Хорошо видно, что среди расстрелянных красноармейцев находится гражданский.

 

Размах убийств военнопленных непосредственно после боя превосходит всякое разумение. Уже упоминавшийся западногерманский историк Кристиан Штрайт замечает, что количество советских военнопленных, уничтоженных непосредственно после пленения частями вермахта, измеряется «пяти‑, если не шестизначным числом».[186] Таким образом солдаты германской армии избавлялись от омерзительных советских недочеловеков.

25 июля 1941 года высший руководитель СС и полиции на Юге России обергруппенфюрер Фридрих Еккельн издал приказ:

 

Пленных комиссаров после короткого допроса направлять мне для подробного допроса через начальника СД моего штаба. С женщинами‑агентами или евреями, которые пошли на службу к Советам, обращаться надлежащим образом.[187]

 

Как видим, три категории пленных подлежали уничтожению: комиссары, евреи и женщины. К этим трем категориям следует прибавить четвертую, не упомянутую обергруппенфюрером Еккельном по той причине, что входящих в нее солдаты вермахта уничтожали сразу.

Речь идет о раненых.

С ранеными все было просто; их добивали прямо на поле боя или в госпитале, если таковой удавалось захватить. Как мы помним, на то солдатам вермахта были даны специальные указания; так, например, рыцарственный генерал Гудериан в приказе по 2‑й танковой группе указывал, что «с ранеными русскими нечего возиться – их надо просто приканчивать на месте».[188] Не следует, однако, считать, что «Быстроходный Гейнц» был исключением из правил: в то время, когда в далекой Казани улыбчивые советские парни делились с пленными немцами едой и папиросами, части 112‑й пехотной дивизии генерал‑лейтенанта Фридриха Мита вошли в деревню около белорусского городка Болвы. Русские войска только‑только оставили деревню; в одной из изб немцы нашли пятнадцать тяжелораненых красноармейцев. Лейтенант Якоб Корцилас увидел, как раненых выбрасывают из избы; потом их раздели догола и, беспомощных, не способных передвигаться, закололи штыками. Пораженный, Корцилас спросил у лейтенанта Кирига, чьи солдаты добивали пленных, по какому указанию совершено это убийство. «Это сделано с ведома командира дивизии генерала Мита», – был ответ.[189]

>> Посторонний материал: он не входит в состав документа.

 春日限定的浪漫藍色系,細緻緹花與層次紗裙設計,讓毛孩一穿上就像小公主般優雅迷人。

Подобные преступления совершались на всем протяжении от Черного до Балтийского моря в течение всей войны. 1 августа 1942 года после боя в станице Белая Глина Краснодарского края осталось много раненых красноармейцев. По словам местной жительницы В. Иващенко, сразу же после боя немецкий офицер пристрелил всех раненых, лежащих возле ее дома. Всего в станице немцы убили около 50 раненых.[190]

С точки зрения нацистов, это было даже гуманно. В конце концов, речь шла о представителях низшей расы, заведомо потерявших трудоспособность; их уничтожение становилось почти что эвтаназией, избавлением от мучений.

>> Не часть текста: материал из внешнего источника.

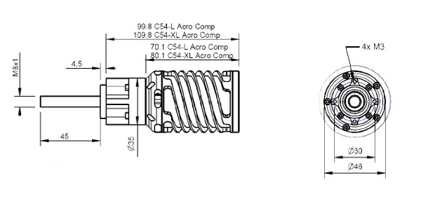 - Befestigung: 4xM3 (Lochkreis-Ø 30mm)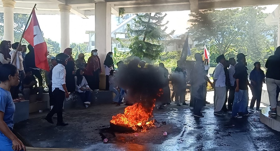 Halsel, Maluku Utara– Aksi demonstrasi pada Senin (16/1/2023), terkait hasil sengketa Pilkades di Halmahera Selatan (Halsel) yang digelar organisasi kemahasiswaan di kantor Dinas Pemberdayaan Masyarakat Desa (DPMD), Kantor DPRD dan kantor sementara Bupati Halsel di Desa Papalong, Kecamatan Bacan, bukan hanya membakar ban bekas tetapi sejumlah fasilitas daerah dirusaki para pendemo.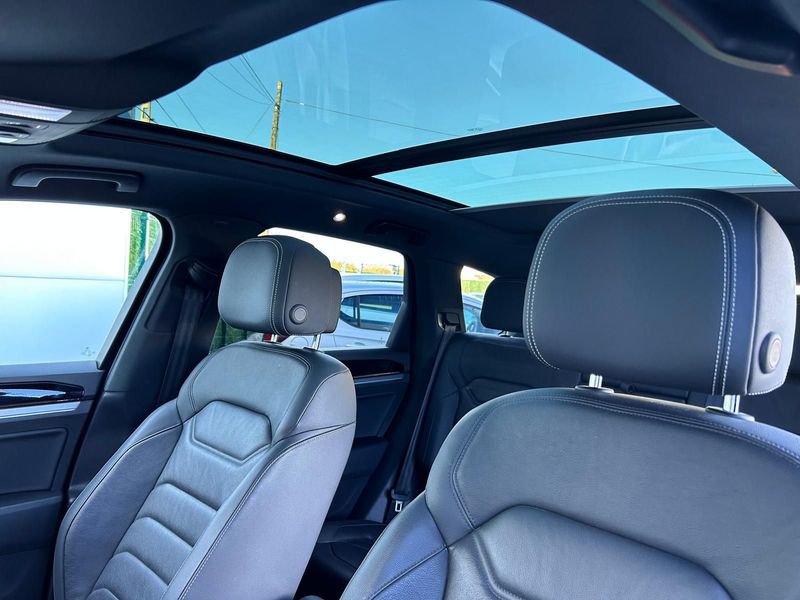 Listones de estribo en acero inoxidable,Fluido aire acondicionado,Revestimiento de puerta en polipiel,Acristalamiento trasero tintado oscuro, Apoyabrazos delatero y trasero,Retrovisores eléctricos-térmicos-abatibles-fotosensibles,Interfaz de teléfono Business,Asistente de aparcamiento del+tras,Keyless-Entry con cierre de seguridad para cierre centralizado,Tapizado en cuero, Volante multifunción deportivo de cuero con cambio por levas,Asientos delanteros eléctricos-térmicos,Inserciones en aluminio cepillado,Boquillas limpiaparabrisas térmicas,Alarma antirrobo, Apertura portón confort,Cubierta de portaequipajes,Paquete iluminación,Apoyo lumbar delantero electroneumático, 2967 cc (3.0 Ltr) 231CV/170kW ,8 velocidades Tiptronic, Sistema de ayuda a la conducción,Regulador de velocidad con regulación automática de distancia, Llantas de aleación 19” , Protección de peatones ,Escape cromado, Tornillos de seguridad en llantas,Barras longitudinales de techo, Techo panorámico,Cámara de visión trasera ,R-Line exterior,- Bicapa perlado,Climatizador bi-zona, Airbag conductor, Airbag acompañante, Airbags laterales, Airbags de cabeza, Dirección asistida, Cierre centralizado con mando a distancia, Elevalunas eléctricos, Equipo de música, Bluetooth, Control por voz, Sistema de navegación, Pantalla frontal táctil,MP3,Tarjeta SD, Palanca de cambio en cuero,ABS, ESP, Control de tracción, ISOFIX, Ordenador, Sensor de presión de neumáticos, Inmovilizador, Alarma,Start-Stop, Parabrisas calefactable, Faros antiniebla, Faros de Xenon, Regulación altura faros, Lavafaros, Sensor de luces, Sensor de lluvia, Encendido automático de faros, Galerías de techo, Enganche remolque, Reconocimiento señales de tráfico, Alerta cambio de carril, Asistencia al arranque en pendiente, Freno de estacionamiento eléctrico, Asistente de frenado de emergencia, Sistema de llamada emergenica eCall, 4×4.

В недавно опубликованных воспоминаниях режиссера Григория Чухрая есть характерный эпизод. Выбираясь из немецкого окружения, он вместе со своими товарищами стал свидетелем трагедии, обыденной, но оттого не менее ужасной.

 

Часов около двенадцати мы услышали пулеметную стрельбу. Она приближалась. На дороге по ту сторону оврага появились две полуторки. Они мчались на большой скорости. На брезенте одной из них полоскались от ветра красные кресты. Вслед за ними появились несколько немецких мотоциклов. Они мчались за машинами. Недалеко от нас машины затормозили, из них выскочили несколько человек и побежали в сторону оврага. Мотоциклисты открыли огонь по бегущим, и ни один из них не добежал до оврага. Затем, окружив машины, немцы стали выгонять из них раненых. Вслед за ними вытащили сестер. Потом немцы подожгли обе полуторки. Из горящих машин слышались крики. Тех, кто вышел из машин, под дулами автоматов подвели к оврагу и открыли по ним огонь. Оставшихся в живых сбрасывали в овраг. Самый, казалось, спокойный из нас, Георгий Кондрашев не выдержал.

– Варвары! Гады! – закричал он, схватил винтовку и хотел стрелять.

Что он мог сделать на таком расстоянии против автоматчиков – непонятно. Пришлось связать Жору и воспользоваться кляпом. Он только погубил бы нас: наших патронов хватило бы на один‑два выстрела. Нервы начинали сдавать. Многие ребята плакали. А немцы не мстили – они просто выполняли привычную работу. Расправившись с ранеными, они посадили в коляски женщин и укатили на своих мотоциклах.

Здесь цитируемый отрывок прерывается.